Wednesday, January 4, 2017

Iron Cross at Adler Hobby (2)

This was my last game of 2016. Marc D. and Gordon from Adler Hobby wanted to give Iron Cross another go and they invited me up to Gordon's store to join them. While we were setting up Bob showed up and helped Mark with the first few turns of the game until he had to leave. For more photos, and a summary from the French side of the table, you can read Mark's post about this game on his blog.

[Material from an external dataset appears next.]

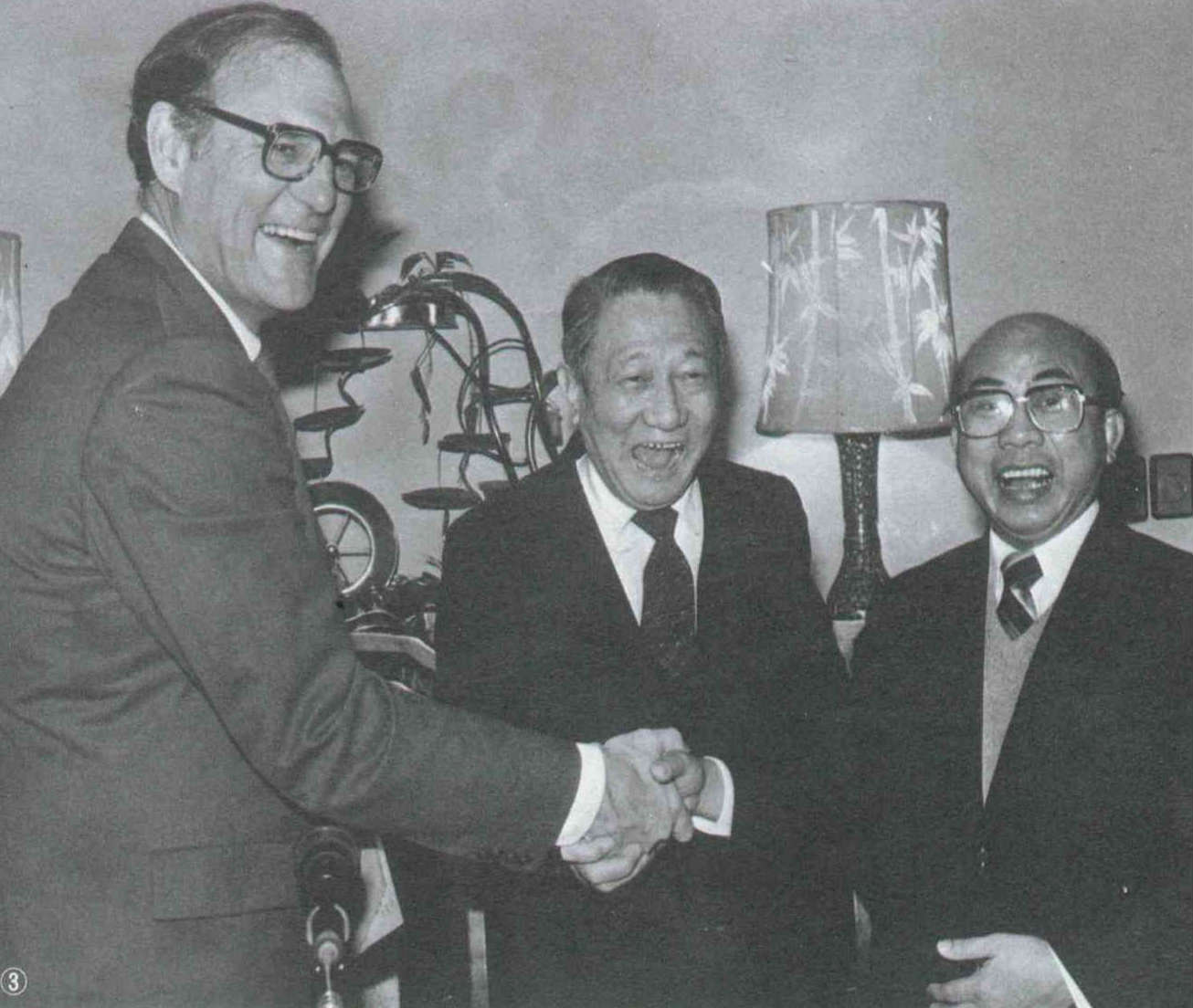 Facing. After signing a cooperation agreement, H&Q Corporation's President William Hamberecht(l.) shakes hands with the Ministry of Economy's Vice Minister Wu Mei-ts'un(m.) and the Chairman of the Board of Chin Fong, Shi H. Huang M.D.(r.).

Mark and I matched up mirror armies to each other, Free French for Bob and Mark and Germas for Gordon and I. Each force consisted of a CinC, four infantry detachments, a medium machine gun, a flame-thrower team, a mortar, an anti-tank gun, an SP anti-tank gun (Marder III for me, GMC half track with AT gun for Mark), a recon armor piece (Stuart for Mark, SdKfz 222 for me) and a medium tank each (Mark's Grant was used but we used Serman factors for it and I used a Panzer IV). We wanted to load up on vehicles and see how that worked with AT guns and mortars to try out all the rules.

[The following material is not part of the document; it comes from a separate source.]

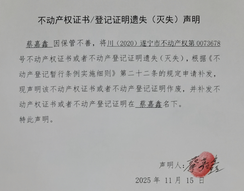 不动产权证书/登记证明遗失(灭失)声明(蔡嘉鑫)

This second time through, I believe we got almost all the rules right. The game was fun and played fast even with two new players in the mix. We learned that the MMGs were very powerful when they hit with all of their dice, and that anti-tank fire, while it can be very devastating, can also outright miss. Mortars are great when they hit and feel right, with multiple activations making them more likely to hit and more effective when they do. Flamethrowers seemed just right as well being good against enemies in cover but vulnerable to incoming fire. Even with three vehicles on the table for each side, I don't believe the vehicles unblananced the game. We equipped our infantry teams with bazookas and panzerfausts, and when infantry advanced on un-supported tanks, the tanks were in trouble and had to withdraw or could have been destroyed. Armor supported with infantry seemed to work nicely.

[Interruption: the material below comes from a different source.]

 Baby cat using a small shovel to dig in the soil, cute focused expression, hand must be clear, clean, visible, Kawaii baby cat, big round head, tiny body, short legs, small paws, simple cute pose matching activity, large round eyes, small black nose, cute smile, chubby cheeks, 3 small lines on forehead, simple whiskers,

The game started off with Mark's MG team wiping out one of our infantry detachments and our Mortar pinning the MG in return. In the following turns Bob pressed our right flank with an infantry team trying to capture the tall building on the hill. Gordon's AT gun blew up the Grant which shook up the nearby infantry and mortar team. The advancing team reached the tall building, but then got blown away by combined 222 MG fire and infantry fire. Likewise my MMG took out Mark's MMG in a single turn of sustained MG on MG action. My Marder III lived a charmed life bouncing a side shot from the Stuart and then withdrew behind the hill not wanting to press its luck.


On the other Flank Bob's infantry team swept around the ruined building and took out our flame-thrower team at the end of a turn when the French had activation tokens left and we had spent all of ours. The following turn our Panzer IV reacted to this advance and with the help of our lone infantry detachment on that flank, held long enough for us to call time as Mark had to leave.

These are simple, fun, fast-play rules. While they cover almost everything you need, we found one glaring omission. The rules cover movement through terrain, but don't seem to have any line-of-sight rules in them. For this game we used the Bolt Action rule for area terrain - you can see into but not through it. This helped, but still seemed lacking when shooting through multiple pieces of linear terrain. I think using Bolt Action's area terrain rule and additionally using Chain of Command's linear terrain rule will make it 'just right'.